How warm is the rest of your house? ours is kept at 62 and the basking area is fluctuating between 80 and 85. It only changes when the heat kicks on because its about 20 degrees outside
would getting a small space heater for the room and setting it on a timer be a good idea?


----------



## Yvonne G (Feb 26, 2012)

I heat my house with a wood stove and I don't build a fire until I'm ready to settle down in the late afternoon. So it gets pretty darned cold in here. When I wake up in the a.m. it's probably 55 or so, maybe even colder. Partially covering or even fully covering the habitat would help. For my smaller habitats I fold a couple sheets of aluminum foil together to make one large sheet and cover the habitat, lights and all, with foil. It keeps the cool house air out and the warm lights air in.


----------



## jwhite (Feb 26, 2012)

I keep my tort tables in the basement and a couple of things I do down there are open the heat vents and I also run a space heater these two things keep the cvool sides at about 72


----------



## EKLC (Feb 26, 2012)

If you can find a way to cover it, it will be very easy. I have a 4' x 2.5' terrarium and even a 75 W bulb brings the temp to 82+ everywhere if I dont crack the door


----------



## TortNewbie (Feb 26, 2012)

emysemys said:


> I heat my house with a wood stove and I don't build a fire until I'm ready to settle down in the late afternoon. So it gets pretty darned cold in here. When I wake up in the a.m. it's probably 55 or so, maybe even colder. Partially covering or even fully covering the habitat would help. For my smaller habitats I fold a couple sheets of aluminum foil together to make one large sheet and cover the habitat, lights and all, with foil. It keeps the cool house air out and the warm lights air in.





I really like that idea.


----------



## coreyc (Feb 26, 2012)

TortNewbie said:


> i was just about to ask the same thing about the heating panel
> and the warmest i can get it is 75 degrees



http://market.kingsnake.com/detail.php?cat=66&de=752495


----------



## TortNewbie (Feb 26, 2012)

Thank you Corey


----------



## StudentoftheReptile (Feb 26, 2012)

I have a glass tank that my juvie sulcata is in and its dimensions are 36" x 42", just yea smaller than your 4'x4'. I currently use a 160watt MVB. Do I need that much? Perhaps not, but..:

A.) I have witnessed him routinely basking at temps of 140'F before, and the enclosure is large enough to accommodate a proper gradient, so why not?
B.) my wife is now 31 weeks pregnant, and hot-natured to begin with, so we generally keep our house like an icebox. Needless to say, it's difficult for me to use a smaller wattage bulb.
C.) I could try to use a smaller bulb, but while energy consumption costs maybe more, my mentality is that it's better to have a higher wattage bulb that I can always raise a little higher to decrease temps if need be...than be limited with a smaller bulb I can place only so close to the animal.


----------



## kibow (Feb 27, 2012)

I'm going through this problem now. Just built a 6.5x2.5 enclosure and with a 150 Che and a 125 mvb would only get one side to 85 tops and the other side is room temp about 60-65. I just bought a bigger Che and mvb on amazon so hopefully that helps. Am probably gonna need 3 maybe 4 heat sources or even larger ones.


----------



## TortNewbie (Feb 27, 2012)

kibow said:


> I'm going through this problem now. Just built a 6.5x2.5 enclosure and with a 150 Che and a 125 mvb would only get one side to 85 tops and the other side is room temp about 60-65. I just bought a bigger Che and mvb on amazon so hopefully that helps. Am probably gonna need 3 maybe 4 heat sources or even larger ones.

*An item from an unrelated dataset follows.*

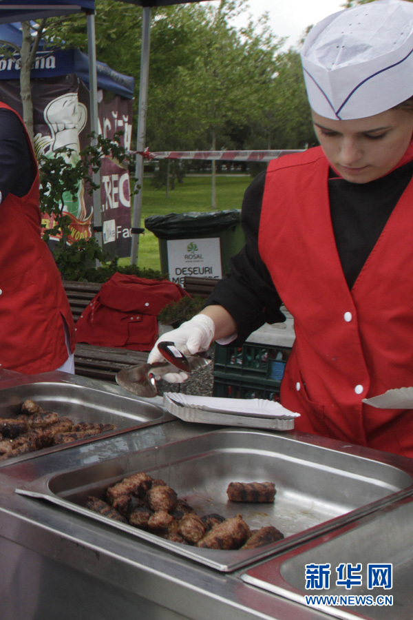 5月1日,罗马尼亚首都布加勒斯特,一名工作人员在把传统烤肉肠“糜奇”装盘。今年“五一”4天假期,布加勒斯特一些街区组织各种活动吸引市民,其中包括免费品尝“糜奇”肉肠。“糜奇”是一种用猪、牛肉馅等加上特殊调料配制而成的烤肉肠,每个重量从50克到100克不等,被认为是该国最具特色的传统美味,也是全国男女老少人皆喜欢的食物。(新华社/佩特雷斯库摄)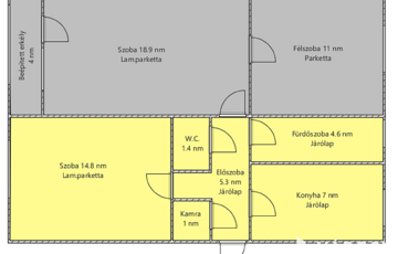 Helyiségei: 2 szoba, 1 szoba, konyha, kamra, előszoba, fürdőszoba, külön nyíló W.C., beépített erkély.

Im currently working on getting a space heater for the room even though i can already feel a difference in temp when i walk in. This is in my bed room and i have to say its really strange waking up to my entire room being about 70. I have a feeling a space heater even a small one will do what i need since we had a really small one at my dads house when our furnace quit working and it was about 20 degrees outside. the house gets cold fast but that little space heater kept the main floor pretty warm.


----------



## yagyujubei (Feb 27, 2012)

I have a warm room in the basement that I keep at around 70 with a oil radiator. For my big female on the floor, I have a pig blanket, CHE, and 100w powersun. I have the yearlings on a wall shelf 30" x 20' (L shaped)For them - 2 powersuns and 2 60w CHE.Also 3 - 60w ceiling lights for room light.


----------



## TortNewbie (Feb 27, 2012)

thats quite the set up


----------



## Tom (Feb 27, 2012)

If you simply close in the top and insulate the sides, you will need a fraction of the electricity and have a much better environment for your tortoise. I have a 4x8' in my cold garage. I use two 60 watt CHEs on a thermostat to maintain the temp at 80 24/7. Then I have a 75 watt flood bulb for a 100 degree basking spot for 12 hours a day. Finally, there is a 48" fluorescent just to brighten things up. All of these bulbs are INSIDE the closed enclosure, so ALL of the heat they produce is contained where it needs to be. It all uses surprisingly little electricity, but maintains a perfect young tortoise environment.
http://www.tortoiseforum.org/Thread-Closed-Chambers#axzz1nbJDAO2s Here's a thread I did on the subject.


----------



## TortNewbie (Feb 27, 2012)

Thank you Tom  
how did you build the peaked top for it?


----------



## kibow (Feb 27, 2012)

Good idea on the space heater. The enclosure is in its own room so I could just heat that room or I like making a closed enclosure. Tho I think that the new blubs that I bought are gonna be a wee bit to much for an inclosed enclosure.


----------



## TaraDodrill (Feb 27, 2012)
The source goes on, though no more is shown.